# Tenant on EI



## davidjean (Mar 27, 2014)

So my tenant has just gone off work on "medical EI". I'm unfamiliar with the process but believe it can take up to 6 weeks for her EI to come in. 

In the meantime she can't afford to pay rent. I don't want to evict. What are my options? Any other landlords on here had a similar issue?


----------



## sags (May 15, 2010)

The tenant can apply for social benefits (Ontario Works in Ontario) until the EI benefits arrive, but the money will have to be paid back when EI benefits arrive.

http://www.cleo.on.ca/en/publications/emplns/can-i-apply-social-assistance-welfare-while-i-wait-ei


----------



## Rusty O'Toole (Feb 1, 2012)

It's up to her to pay the rent. It is not up to you to pay it for her. You need to make this clear.


----------



## Just a Guy (Mar 27, 2012)

It's a slippery slope, once they get behind, they rarely catch up and usually wind up owing you a lot more by the time you do evict. I've found generally that, the more rope you give them, the faster they hang themselves.
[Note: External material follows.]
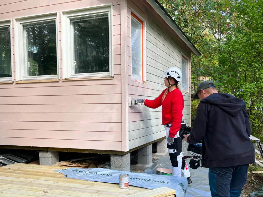 Mökki päätetään uusia kokonaan. Sorcolorin maalari maalasi mökin kauniin vaaleanpunaiseksi. Maalipinta kestää hyvin seuraavat 10-15 vuotta.

That being said, most provinces have special programs which give a one time emergency rent payment or something similar if they need it. If they can't be bothered to look into it and find it, they aren't likely to work very hard to pay you in the future either.


----------



## Mortgage u/w (Feb 6, 2014)

Agree with all the previous posts. 

If tenant is not willing to find nor have any other means to pay rent, I would evict immediately. If you have a good relationship and trust your tenant, then you can work something out such as half rent payment the next couple of months and once they are back to work, they pay more each month to catch up. BUT, this is a risky alternative especially if you don't know your tenant.


----------



## OptsyEagle (Nov 29, 2009)

You can be a successful landlord or you can be a nice guy. It's your choice.
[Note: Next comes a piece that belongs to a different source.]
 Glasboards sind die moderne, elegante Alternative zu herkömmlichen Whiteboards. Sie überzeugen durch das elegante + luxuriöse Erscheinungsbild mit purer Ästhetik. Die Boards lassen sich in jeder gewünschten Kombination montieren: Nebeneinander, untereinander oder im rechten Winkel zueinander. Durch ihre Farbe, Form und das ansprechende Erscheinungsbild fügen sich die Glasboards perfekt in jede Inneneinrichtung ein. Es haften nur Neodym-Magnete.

If you give in now, you will be asked to give in later, even when she gets back to work. Lower income people have a tendency to have a little more need for money then what their supply of money will provide. It is not every week or every month but for most it will be at least a few times a year. During these times, it is not that they had no money, it is that, in their opinion, they needed more then they earned. They will then look for the MOST SYMPATHETIC ear to help them during these times. Can they get food at the grocery store and pay them later. No, they are not very sympathetic. Can they get gas in their car and pay them later. No, they are not very sympathetic. Can they get their apartment and pay them later. Maybe, he's very sympathetic. A real nice guy.

My point is that all the other people got paid, why not you. Because you want to be a nice guy.


----------



## Bowzer (Feb 25, 2015)

I hate to admit this, but back in the day I knew exactly how late I could pay my rent, just how far I could push it, what letter would show up when. 

I wasn't trying to be a jerk, I was broke, so it was "Peter to Paul" time, and my rent was one of those things I learned to game. It was survival. 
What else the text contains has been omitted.